I sighed. I had a lot more important things to deal with right now.
“Dr. Glister, give him the medicine for a thousand guineas. Mr. Langdon, you will work to repay Dr. Glister no matter what. Understand?”
“But my livelihood!” wailed Glister.
“I place Mrs. Langdon’s definite death above the possibility of your penury, Dr. Glister.”
“But this is nothing short of theft!” he replied, outraged at my words. “And I have done nothing wrong-only discovered a cure for a fatal illness. I deserve better treatment than this!”
“You do, you’re right. But I know nothing of you, nor the Langdons. My decision is based only on the saving of a life. Will you excuse me?”
Baldwin had called from the wheel house, and I quickly scooted up the stairs.
“What is it?”
He pointed to something about a mile off the starboard bow. I picked up a pair of binoculars and trained it on the distant object. Finally some good luck. It looked like a “turmoil,” the name we gave to a small, localized disruption in the fabric of the written word. This was how heavy weather in the BookWorld got started: A turmoil would soon progress into a powerful WordStorm able to uproot words, ideas and even people, then carry them with it across the empty darkness of the Nothing, eventually dumping them on distant books several genres distant. It was my way out. I’d never hitched a ride on a WordStorm before, but it didn’t look too difficult. Dorothy, after all, had no real problems with the tornado.
“Alter course to starboard thirty degrees,” I said. “We’re going to intercept the WordStorm. How long do you think it will take for us to get there, Baldwin?”
“Twenty minutes, Cap’n.”
It would be a close thing.

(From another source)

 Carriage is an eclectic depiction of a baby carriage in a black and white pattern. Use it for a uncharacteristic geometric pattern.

Turmoils increase their pace until a rotating tube rises up into the heavens, filled with small sections of plot and anything else it can suck up. Then, with a flurry of distorted sense, it lifts off and vanishes. I wouldn’t get this chance again.

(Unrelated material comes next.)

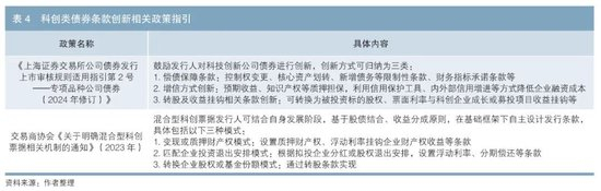 交易所市场的科技创新公司债券、银行间的混合型科创票据的相关政策均鼓励发行人在债券的发行方式、期限结构、利率确定、赎回或转换选择权、增信方式等方面进行创新(见表4)。

“Is that wise, Captain?” asked First Officer Fitzwilliam, who had joined us on the bridge. “I’ve seen storms like that. They can do serious damage-and we have forty passengers, many of them women and children.”
“Then you can lower me in a lifeboat ahead of the storm.”
“And leave us without a lifeboat?”
“Yes…no…I don’t know. Fitzwilliam?”
“Yes, Captain?”
“What is this place?”
“I don’t know what you mean, Captain.”
“I mean-”
“Cap’n,” said Baldwin, pointing off of the port side of the ship, “isn’t that a lifeboat?”
I turned my attention to the area in which he pointed. It was a lifeboat, with what looked like several people, all slumped and apparently unconscious. Damn. I looked again, hoping for confirmation that they might already be dead, but saw nothing to tell me either way. I frowned to myself. Had I just hoped for them to be dead?
“You can pick them up after you’ve dropped me off,” I said. “It’ll only mean an extra forty minutes for them, and I really need to get out of here.”
I saw Fitzwilliam and Baldwin exchange glances. But as we watched, the lifeboat was caught by a wave and capsized, casting the occupants into the sea. We could see now that they were alive, and as they scrabbled weakly to cling to the upturned boat, I gave the order.
“Turn about. Reduce power and stand by to pick up survivors.”
“Aye-aye, Cap’n,” said Baldwin, spinning the wheel as Fitzwilliam rung up “slow ahead” on the engine-room telegraph. I walked out onto the starboard wing and watched despondently as the turmoil developed into a WordStorm. Within the twenty minutes it took to intercept the lifeboat, the whirling mass of narrative distortion lifted off, taking part of the description of the ocean with it. There was a ragged dark hole for an instant, and then the sea washed in to fill the anomaly, and in a few moments everything was back to normal. Perhaps I should have left the lifeboat. After all, the Long Now and the classics were more important than several fictional castaways. Mind you, if I’d been on that lifeboat, I know what I would have wanted.